- REQUIRED ACTION
Exactly as written, copy every line from the one containing "❸ 叉车倒车行驶盲区范围大,很难注意行人经过;" through the end of the records, with the pictures left out.

○ ○ ○ ○ ○

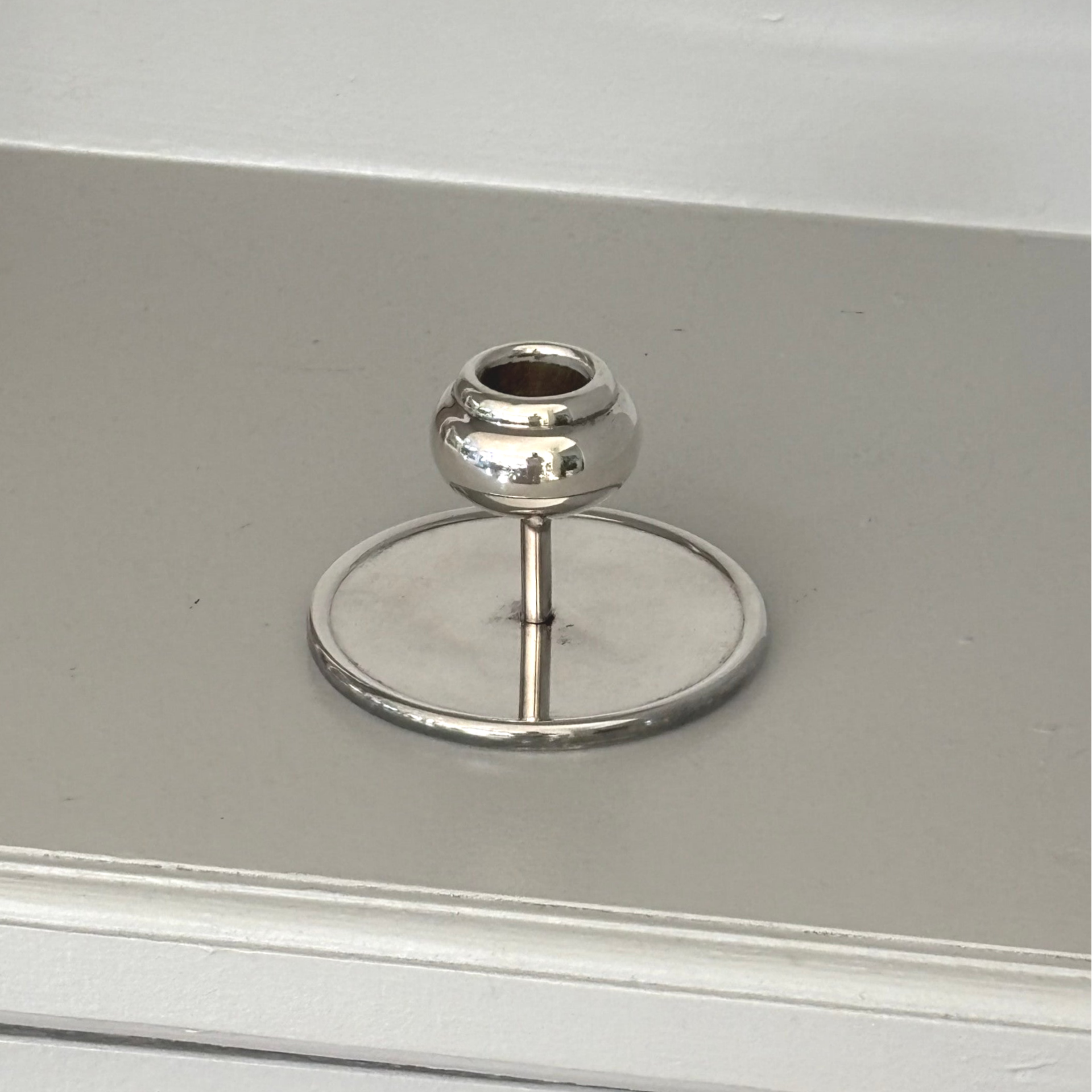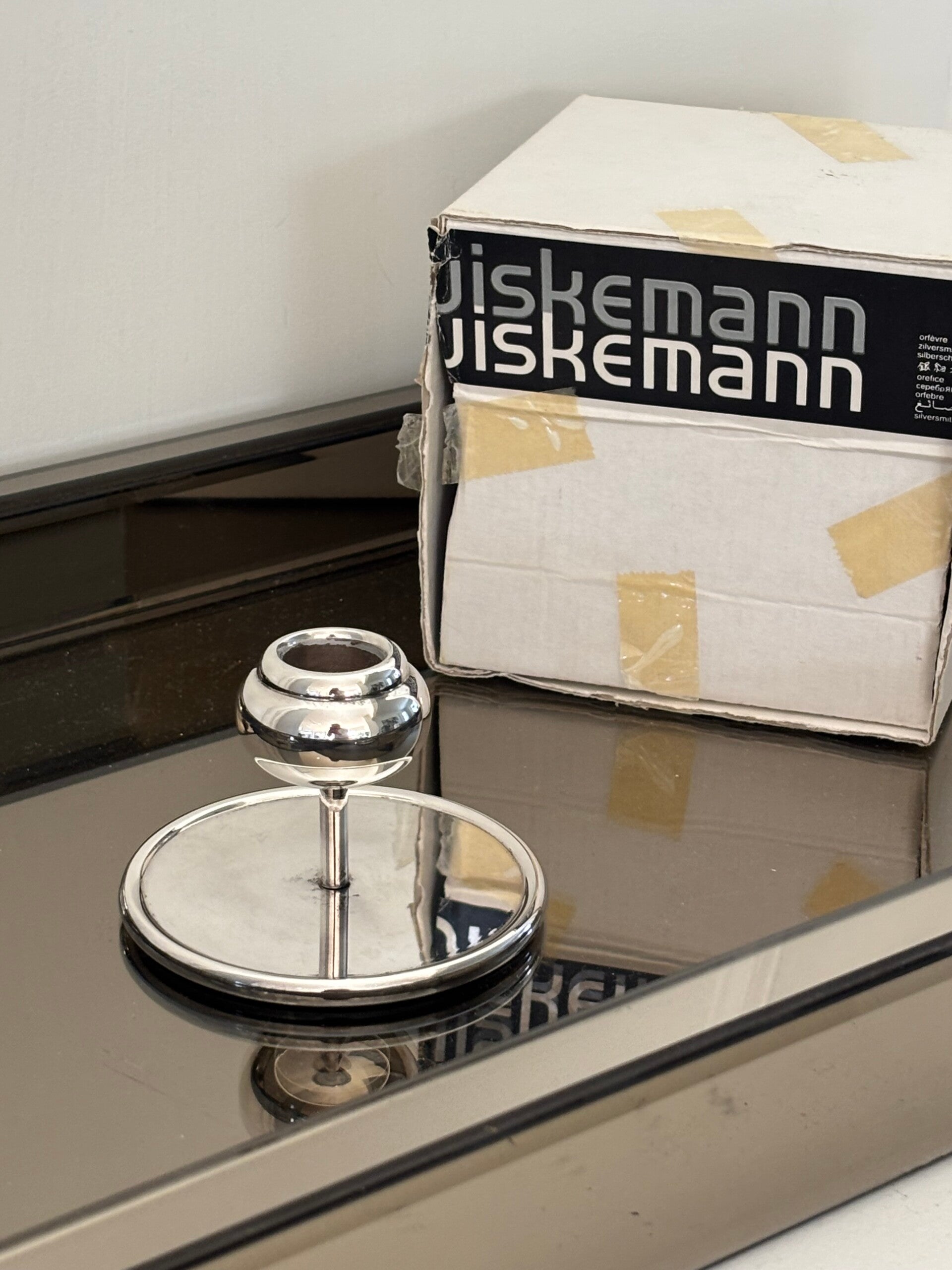 Heavy silver-plated candle holder by Wiskemann, marked on the underside and presented in its original box. In mint condition and radiating timeless elegance. Dimensions: 5.5 x 8.8 cm.
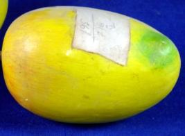 | Description / विवरण | Mango made of paper mache, in a bunch with two other mangoes and three leaves. It is of yellow colour with shades of green and red. |
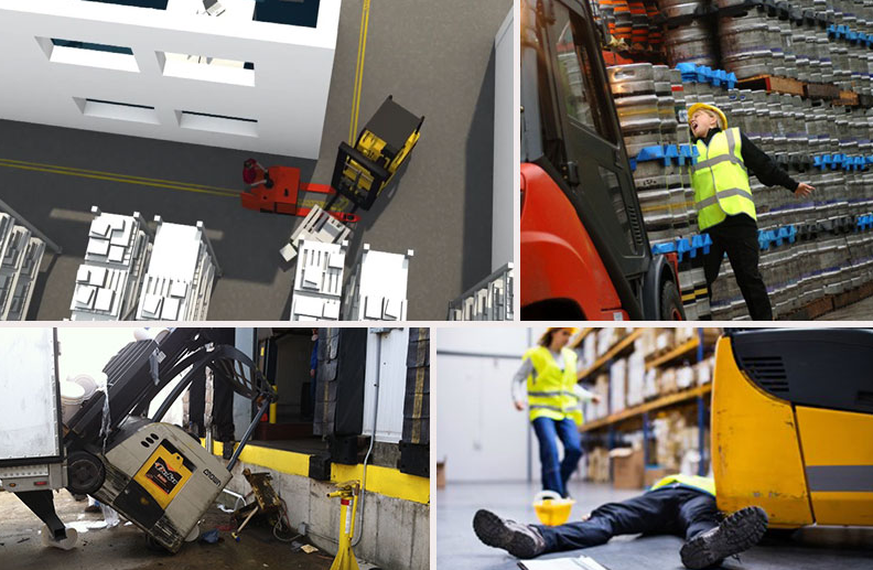 ❸ 叉车倒车行驶盲区范围大,很难注意行人经过;
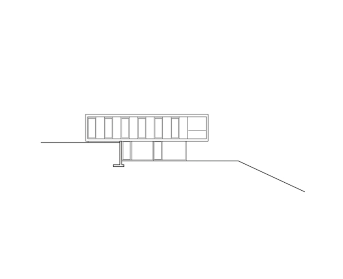 L’étage d’entrée, sorte de piano nobile, se détache du sol avec une composition plastique exprimée par des cadres en acier inoxydable qui redonnent une échelle d’ordre territorial, en relation avec la nou- velle morphologie de la parcelle. A l’intérieur de ce dessin premier, les façades sont constituées par une alternance de panneaux pleins et de vitrages. La façade d’entrée est matérialisée par une peau opaque en inox, percée de la seule porte d’accès à la maison.
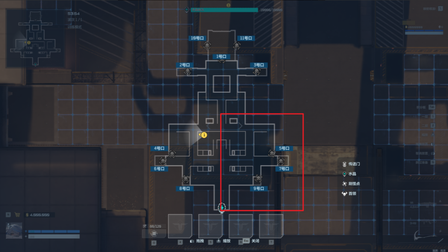 进入游戏后,PC端需按“M”,移动端则是“点击左上角地图”即可展开地图信息,根据地图信息可以详细知道该地图共有11个出怪口,包含空中和陆地,于正常战斗时也可以于该界面了解怪物进行信息,做进一步设防。
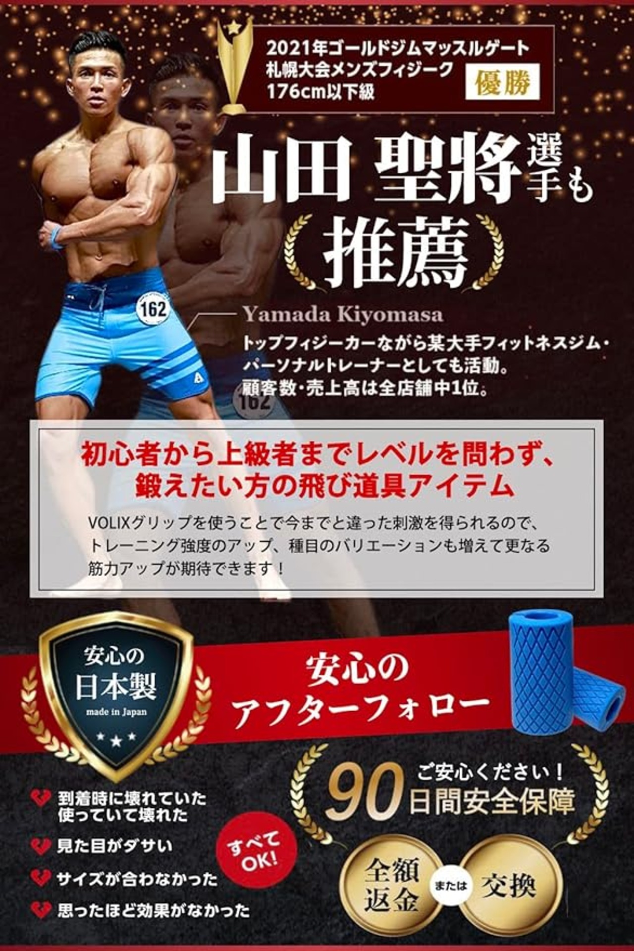 ・【VOLIXのグリップは太く、ダイレクトに腕を刺激する】通常より太いグリップを握ることで、握り込む力が強くなり、前腕の強化、上腕二頭筋への刺激が強くなります。
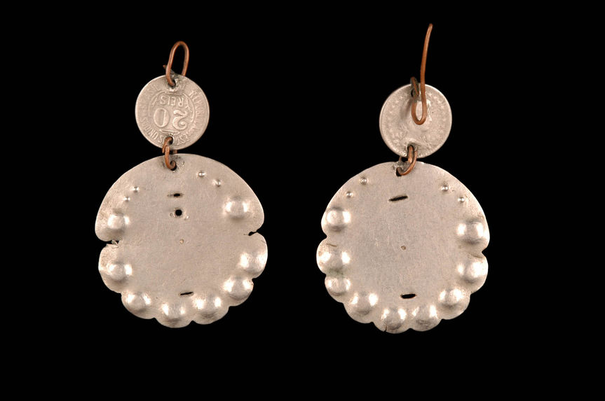 Função: Pingente de colar de mulher. Feito por homens com moedas de diniélo (corrupção do dinheiro português) marteladas na parte plana do machado e empurradas para trás com pregos.

○ ○ ○ ○ ○

- WRITTEN RESPONSE
 ❸ 叉车倒车行驶盲区范围大,很难注意行人经过;
 L’étage d’entrée, sorte de piano nobile, se détache du sol avec une composition plastique exprimée par des cadres en acier inoxydable qui redonnent une échelle d’ordre territorial, en relation avec la nou- velle morphologie de la parcelle. A l’intérieur de ce dessin premier, les façades sont constituées par une alternance de panneaux pleins et de vitrages. La façade d’entrée est matérialisée par une peau opaque en inox, percée de la seule porte d’accès à la maison.
 进入游戏后,PC端需按“M”,移动端则是“点击左上角地图”即可展开地图信息,根据地图信息可以详细知道该地图共有11个出怪口,包含空中和陆地,于正常战斗时也可以于该界面了解怪物进行信息,做进一步设防。
 ・【VOLIXのグリップは太く、ダイレクトに腕を刺激する】通常より太いグリップを握ることで、握り込む力が強くなり、前腕の強化、上腕二頭筋への刺激が強くなります。
 Função: Pingente de colar de mulher. Feito por homens com moedas de diniélo (corrupção do dinheiro português) marteladas na parte plana do machado e empurradas para trás com pregos.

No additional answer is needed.